§ Task goal: Set down every entry word for word. Omit the pictures.

§ Data for analysis:

-*-

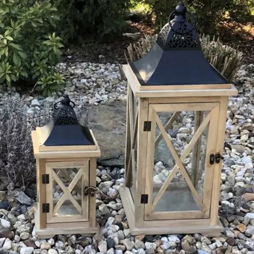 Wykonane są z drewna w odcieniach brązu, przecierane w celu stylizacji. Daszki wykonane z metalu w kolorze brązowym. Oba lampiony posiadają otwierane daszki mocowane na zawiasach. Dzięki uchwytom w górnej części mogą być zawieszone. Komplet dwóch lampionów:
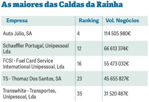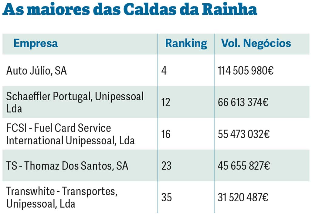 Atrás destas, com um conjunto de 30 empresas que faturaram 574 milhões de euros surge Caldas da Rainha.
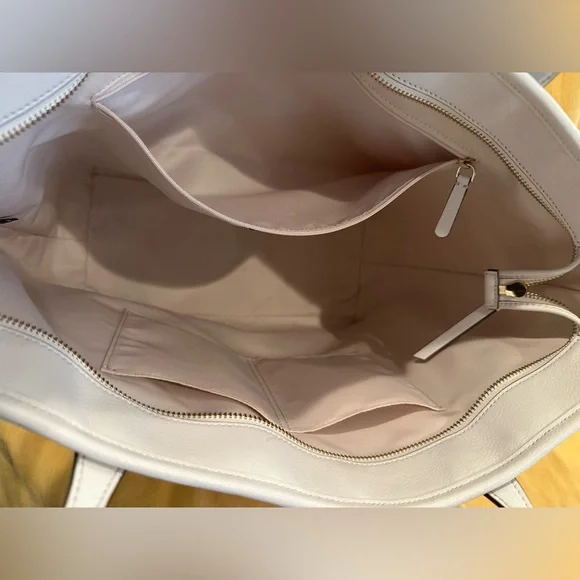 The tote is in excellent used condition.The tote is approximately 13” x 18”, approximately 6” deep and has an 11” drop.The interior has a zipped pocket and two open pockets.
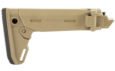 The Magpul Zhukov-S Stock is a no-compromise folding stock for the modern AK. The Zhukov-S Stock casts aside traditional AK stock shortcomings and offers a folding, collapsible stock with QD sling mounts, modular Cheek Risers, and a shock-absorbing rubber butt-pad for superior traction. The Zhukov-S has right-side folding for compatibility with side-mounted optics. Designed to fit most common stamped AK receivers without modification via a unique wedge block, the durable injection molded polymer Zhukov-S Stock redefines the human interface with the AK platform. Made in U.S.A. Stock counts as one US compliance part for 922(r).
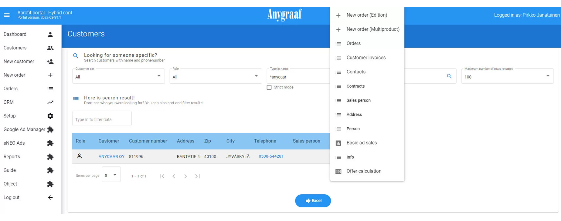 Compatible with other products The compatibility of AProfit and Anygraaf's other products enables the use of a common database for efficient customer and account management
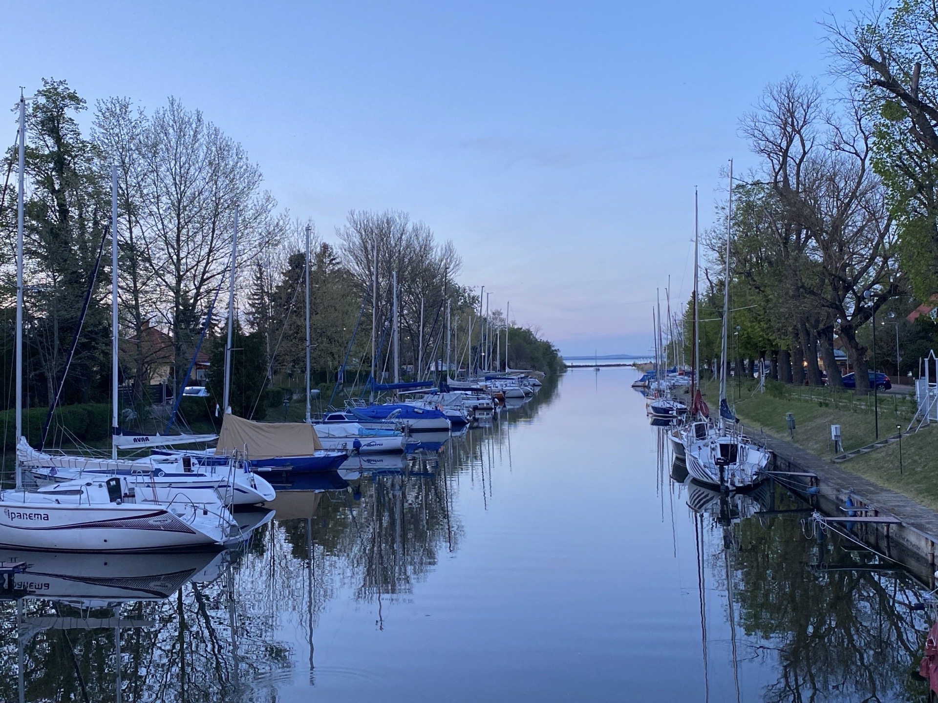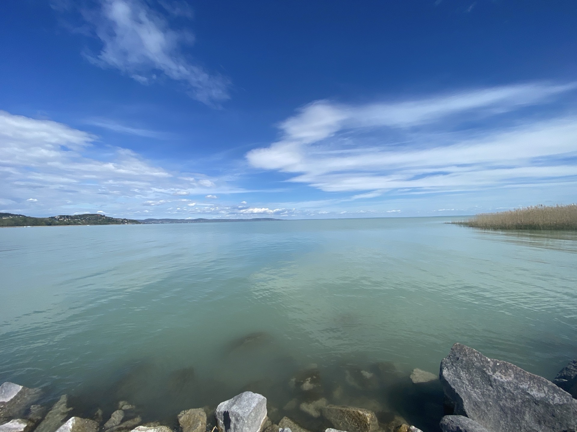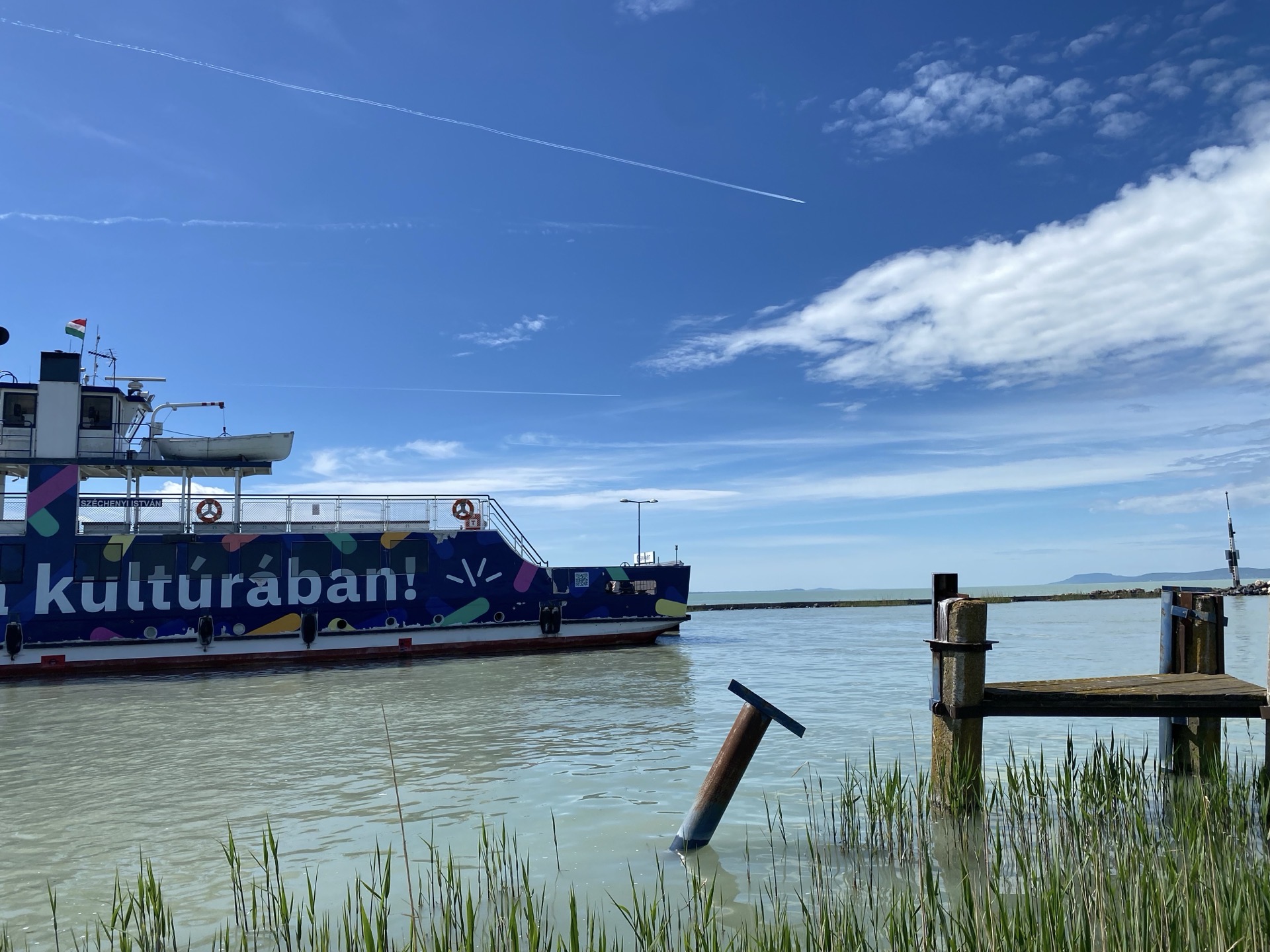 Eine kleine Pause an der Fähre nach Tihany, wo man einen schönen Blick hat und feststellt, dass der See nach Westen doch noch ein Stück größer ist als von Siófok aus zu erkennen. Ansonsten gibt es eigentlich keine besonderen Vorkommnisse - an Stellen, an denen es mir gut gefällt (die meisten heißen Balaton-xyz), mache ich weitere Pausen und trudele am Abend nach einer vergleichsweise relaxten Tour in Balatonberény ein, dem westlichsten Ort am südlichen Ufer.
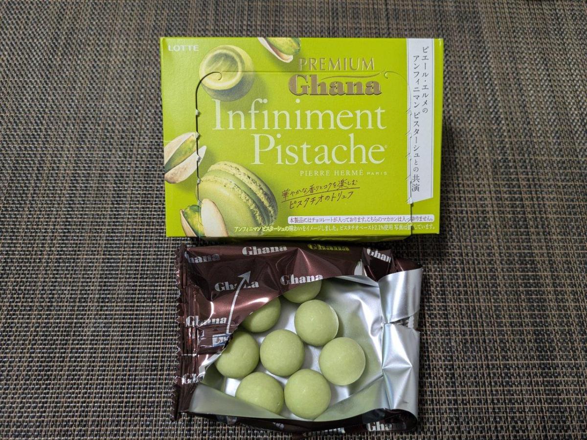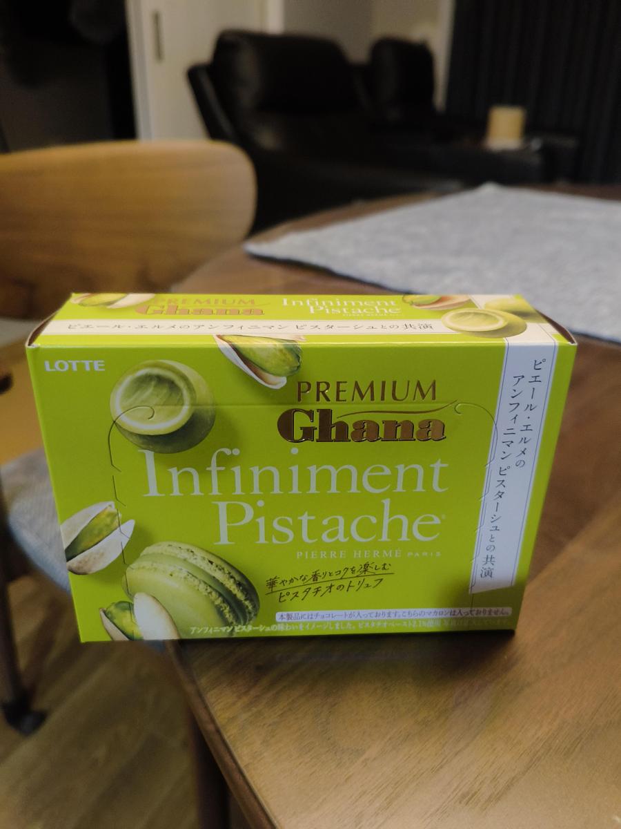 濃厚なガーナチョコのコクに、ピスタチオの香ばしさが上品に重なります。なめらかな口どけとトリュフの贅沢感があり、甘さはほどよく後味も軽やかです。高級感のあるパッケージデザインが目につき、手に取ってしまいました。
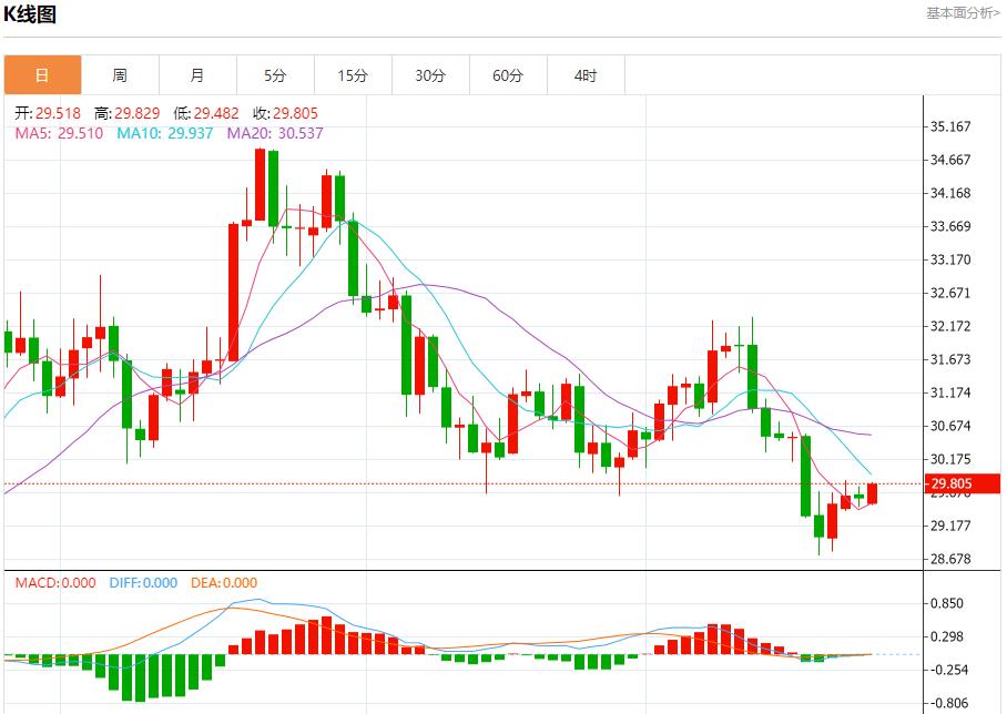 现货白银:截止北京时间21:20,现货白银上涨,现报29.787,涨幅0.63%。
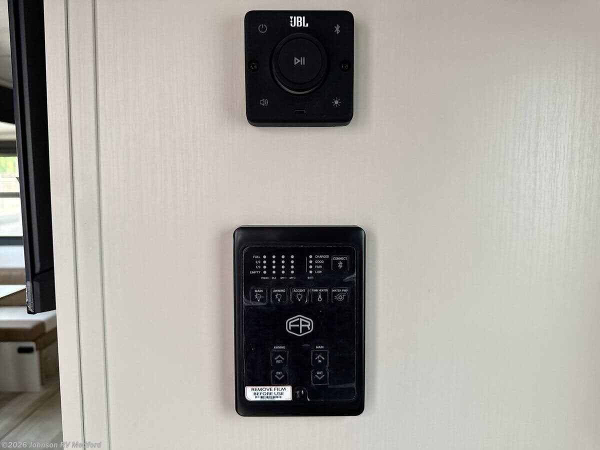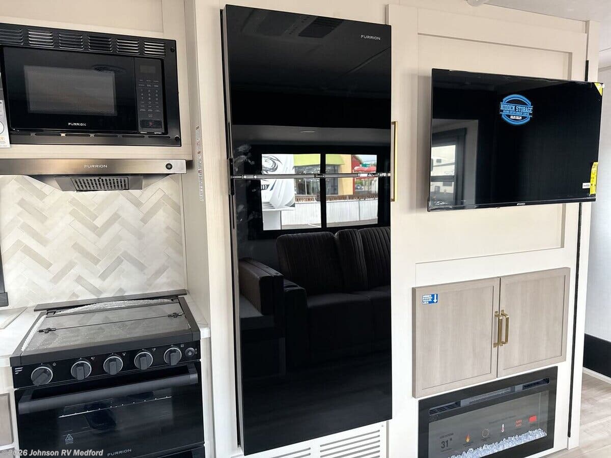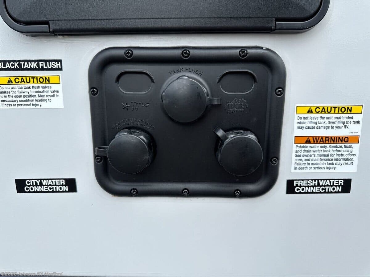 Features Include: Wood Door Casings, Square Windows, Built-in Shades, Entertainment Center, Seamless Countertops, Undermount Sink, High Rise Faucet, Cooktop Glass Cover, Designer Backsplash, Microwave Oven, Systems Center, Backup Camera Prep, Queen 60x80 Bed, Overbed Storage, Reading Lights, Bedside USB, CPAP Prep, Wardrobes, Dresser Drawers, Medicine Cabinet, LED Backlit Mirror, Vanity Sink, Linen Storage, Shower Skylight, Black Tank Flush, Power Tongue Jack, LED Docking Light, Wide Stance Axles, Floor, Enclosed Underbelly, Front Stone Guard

-*-

§ Task output:
 Wykonane są z drewna w odcieniach brązu, przecierane w celu stylizacji. Daszki wykonane z metalu w kolorze brązowym. Oba lampiony posiadają otwierane daszki mocowane na zawiasach. Dzięki uchwytom w górnej części mogą być zawieszone. Komplet dwóch lampionów:
 Atrás destas, com um conjunto de 30 empresas que faturaram 574 milhões de euros surge Caldas da Rainha.
 The tote is in excellent used condition.The tote is approximately 13” x 18”, approximately 6” deep and has an 11” drop.The interior has a zipped pocket and two open pockets.
 The Magpul Zhukov-S Stock is a no-compromise folding stock for the modern AK. The Zhukov-S Stock casts aside traditional AK stock shortcomings and offers a folding, collapsible stock with QD sling mounts, modular Cheek Risers, and a shock-absorbing rubber butt-pad for superior traction. The Zhukov-S has right-side folding for compatibility with side-mounted optics. Designed to fit most common stamped AK receivers without modification via a unique wedge block, the durable injection molded polymer Zhukov-S Stock redefines the human interface with the AK platform. Made in U.S.A. Stock counts as one US compliance part for 922(r).
 Compatible with other products The compatibility of AProfit and Anygraaf's other products enables the use of a common database for efficient customer and account management
 Eine kleine Pause an der Fähre nach Tihany, wo man einen schönen Blick hat und feststellt, dass der See nach Westen doch noch ein Stück größer ist als von Siófok aus zu erkennen. Ansonsten gibt es eigentlich keine besonderen Vorkommnisse - an Stellen, an denen es mir gut gefällt (die meisten heißen Balaton-xyz), mache ich weitere Pausen und trudele am Abend nach einer vergleichsweise relaxten Tour in Balatonberény ein, dem westlichsten Ort am südlichen Ufer.
 濃厚なガーナチョコのコクに、ピスタチオの香ばしさが上品に重なります。なめらかな口どけとトリュフの贅沢感があり、甘さはほどよく後味も軽やかです。高級感のあるパッケージデザインが目につき、手に取ってしまいました。
 现货白银:截止北京时间21:20,现货白银上涨,现报29.787,涨幅0.63%。
 Features Include: Wood Door Casings, Square Windows, Built-in Shades, Entertainment Center, Seamless Countertops, Undermount Sink, High Rise Faucet, Cooktop Glass Cover, Designer Backsplash, Microwave Oven, Systems Center, Backup Camera Prep, Queen 60x80 Bed, Overbed Storage, Reading Lights, Bedside USB, CPAP Prep, Wardrobes, Dresser Drawers, Medicine Cabinet, LED Backlit Mirror, Vanity Sink, Linen Storage, Shower Skylight, Black Tank Flush, Power Tongue Jack, LED Docking Light, Wide Stance Axles, Floor, Enclosed Underbelly, Front Stone Guard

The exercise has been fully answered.